● Aim of the task
Beginning with the line that contains "Nuotrauka Puri rankų" in the material below, print each line exactly until the line that contains "Vibrant Skeleton Beach" has been printed, then stop.

● Material provided
——————————

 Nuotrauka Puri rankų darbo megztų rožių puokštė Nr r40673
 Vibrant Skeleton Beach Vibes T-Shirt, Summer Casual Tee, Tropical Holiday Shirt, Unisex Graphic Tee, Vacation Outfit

——————————

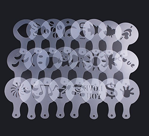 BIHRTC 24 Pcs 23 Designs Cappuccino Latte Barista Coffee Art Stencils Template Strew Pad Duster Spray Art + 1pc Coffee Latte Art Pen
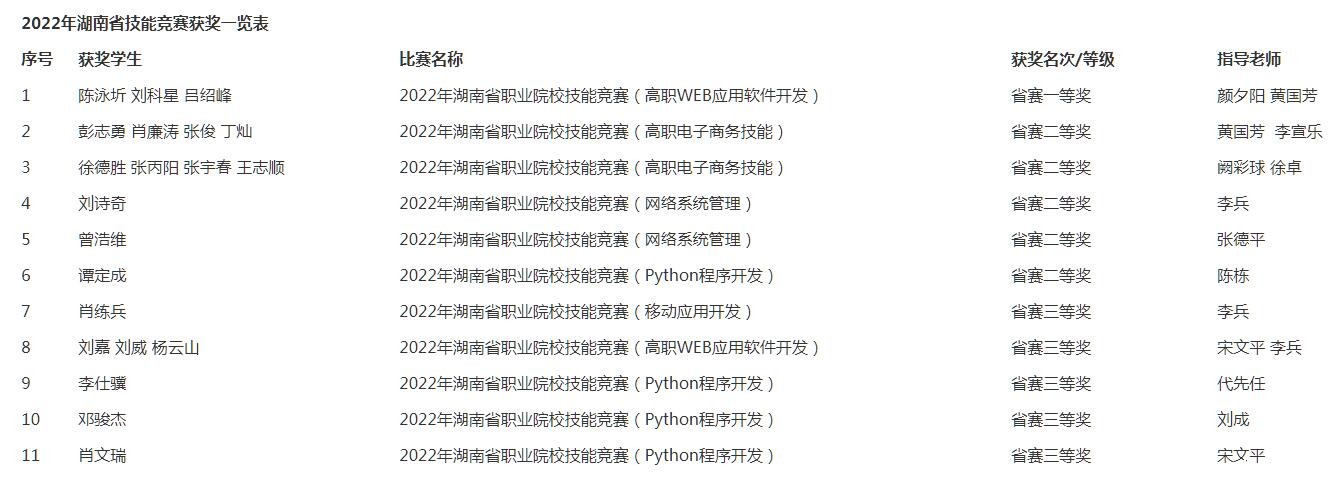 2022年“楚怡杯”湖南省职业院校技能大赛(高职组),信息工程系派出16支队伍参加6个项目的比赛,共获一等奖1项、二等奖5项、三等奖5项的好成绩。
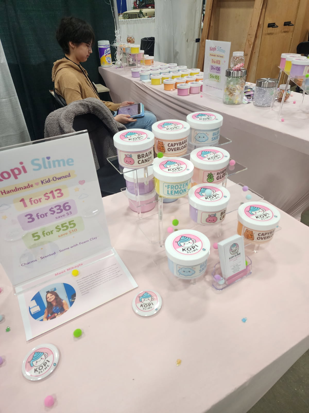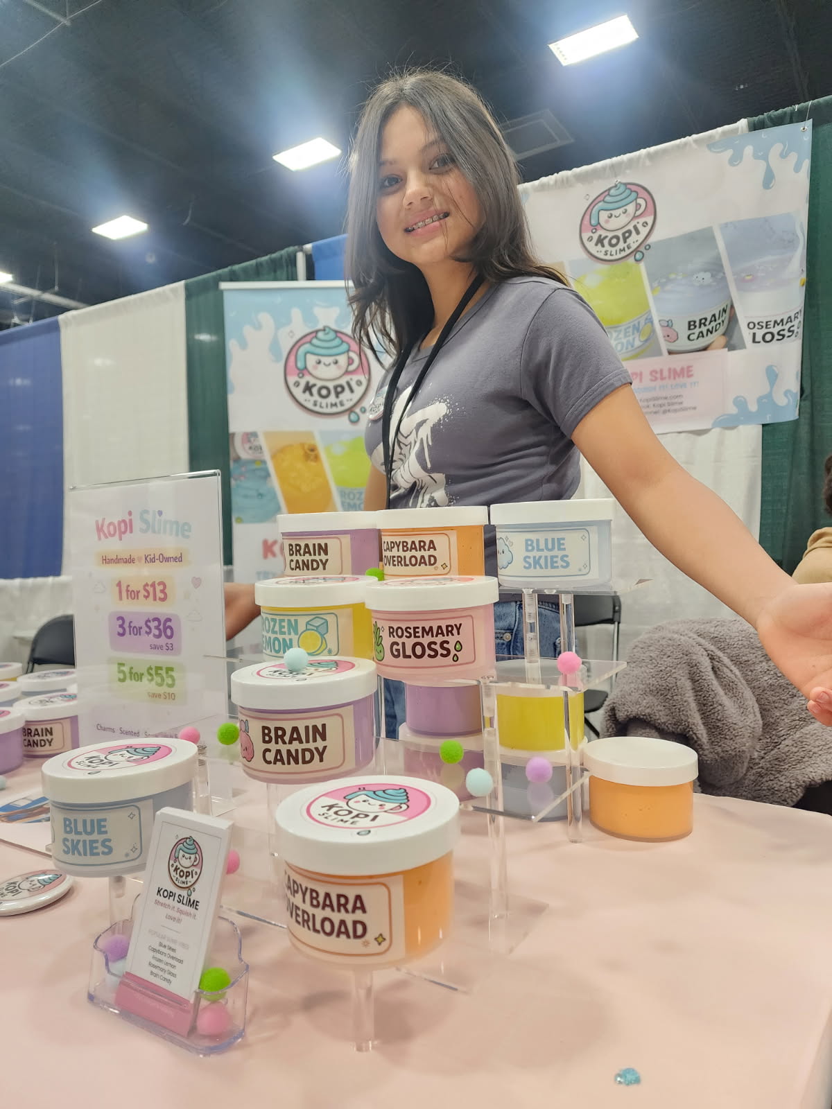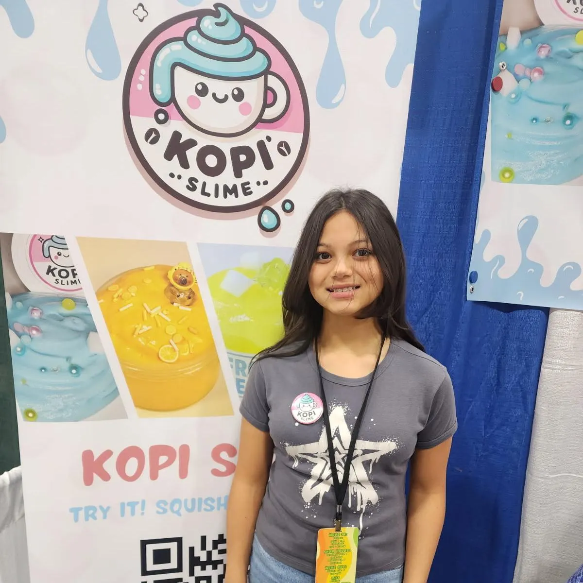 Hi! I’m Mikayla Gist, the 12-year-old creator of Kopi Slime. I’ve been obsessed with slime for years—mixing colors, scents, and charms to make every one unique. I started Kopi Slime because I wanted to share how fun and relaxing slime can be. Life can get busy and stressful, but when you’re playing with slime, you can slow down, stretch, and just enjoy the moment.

——————————

● Task result
 Nuotrauka Puri rankų darbo megztų rožių puokštė Nr r40673
 Vibrant Skeleton Beach Vibes T-Shirt, Summer Casual Tee, Tropical Holiday Shirt, Unisex Graphic Tee, Vacation Outfit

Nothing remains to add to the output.